More to lose than others: Europe amid the shortages

More to lose than others: Europe amid the shortages. Empty German motorway in Cologne. Photo: Florian Schmetz @floschmaezz
Empty German motorway in Cologne. Photo: Florian Schmetz @floschmaezz

In the wake of COVID-19, the shortages of certain raw materials and products have revealed the shortcomings in European supply chains, as well as the dependency implicit in the open nature of its economy. The EU has more to lose than other parts of the world with these shortages, interruptions and bottlenecks in its supply chains, which have an impact akin to greater global protectionism.

One of the victims of this age of scarcity seems to be the just-in-time approach to industrial and retail processes, which did so much to enhance the reputation of the ‘Toyota way’, by reducing the storage of components and parts to a minimum. It is a system that enables savings to be made but, as the pandemic has shown, that also increases manufacturers’ and countries’ vulnerability. Warehousing will again become a fact of life for factories and retailers. The World Bank claims that for many goods sold worldwide, a delay of one day is the equivalent of levying a 1% tariff. Despite all this, economies are generally buoyant, even though supply cannot keep up with the accelerating pace of demand. Globalisation starved of fuel? This is how the economist Paul Krugman seems to interpret it when he refers to ‘a world running on empty’.
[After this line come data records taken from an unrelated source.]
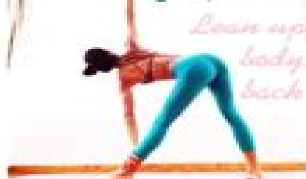
10. Triangle pose
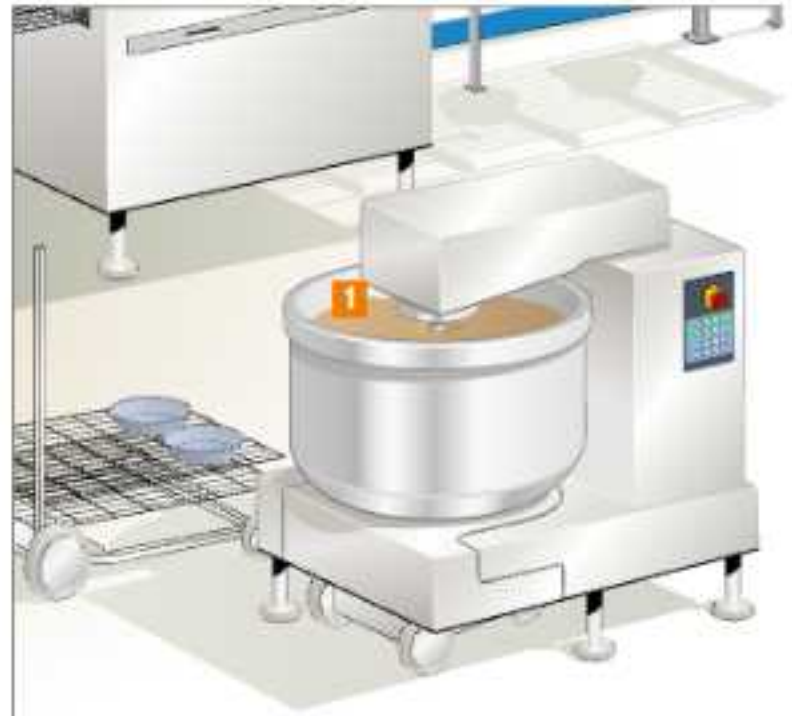
1 Hygienic Design Zone (product zone)
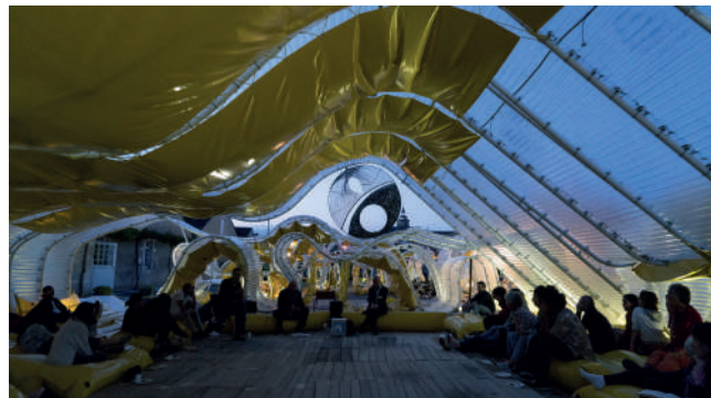
➤ La Nuit des Rêves © Marc Damage
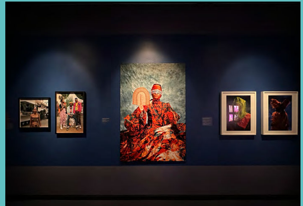
Africa Fashion, Brooklyn Museum, New York & Portland Art Museum, 2023.
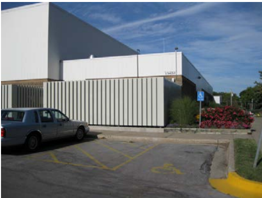
Vertical sight screen around HVAC equipment.

Louvers and screens available in a wide array of finishes including custom color matching.
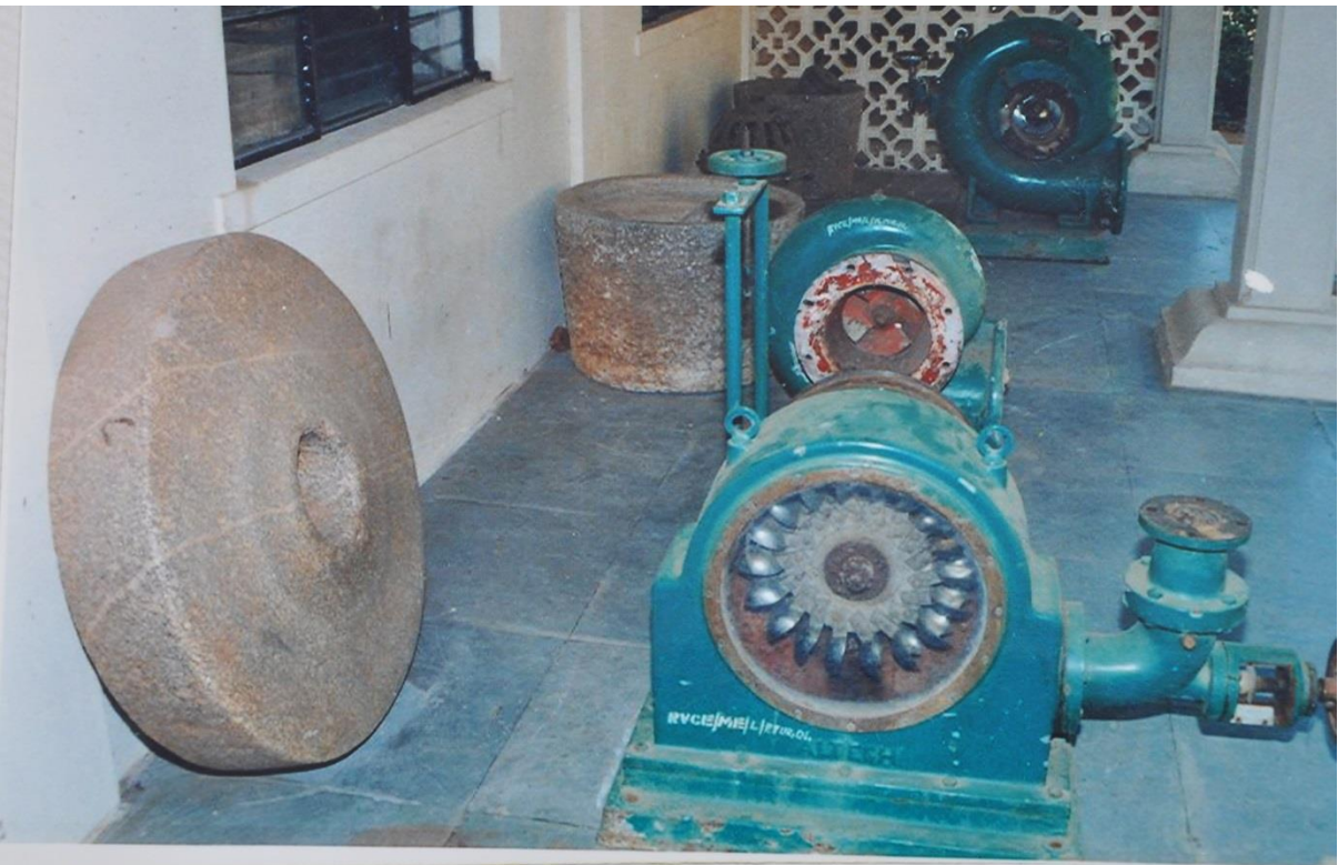
Pelton wheel proving the power of water
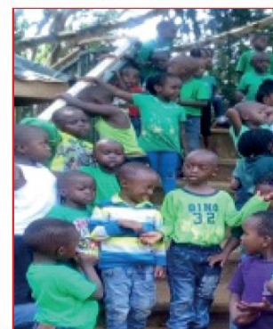
STUDY TOUR: Nursery pupils visit the WILD Life Centre in Entebbe 2017
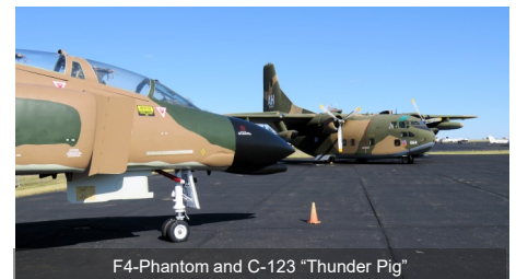
F4-Phantom and C-123 "Thunder Pig"

Let us start with some significant facts about these European shortages and dependencies. According to the European Commission, there are 137 products in the most sensitive ecosystems where the EU is highly reliant on imports from third-party countries. The EU is acutely vulnerable in 34 of these, owing to the difficulties of diversification and replacement within the Union. This applies above all to computers and electronic components (which includes microchips), chemical and pharmaceutical products, basic metals, electrical equipment, mining, paper, machinery, plastics, textiles, motor vehicles and petroleum activities. By value, 52% of this product dependency is accounted for by China, followed by Vietnam (11%), Brazil (5%), Singapore (4%), South Korea (3%), the US (3%) and the UK (3%) (Figure 1 and 2).

Figure 1. Downstream and upstream exposure to extra EU markets.
Figure 1. Downstream and upstream exposure to extra EU markets. Source: Commission elaborations based on OECD 2016-AMNE data.
Figure 2. Share of EU imports value of dependent products.
Figure 2. Share of EU imports value of dependent products. Source: European Commission based on BACI database.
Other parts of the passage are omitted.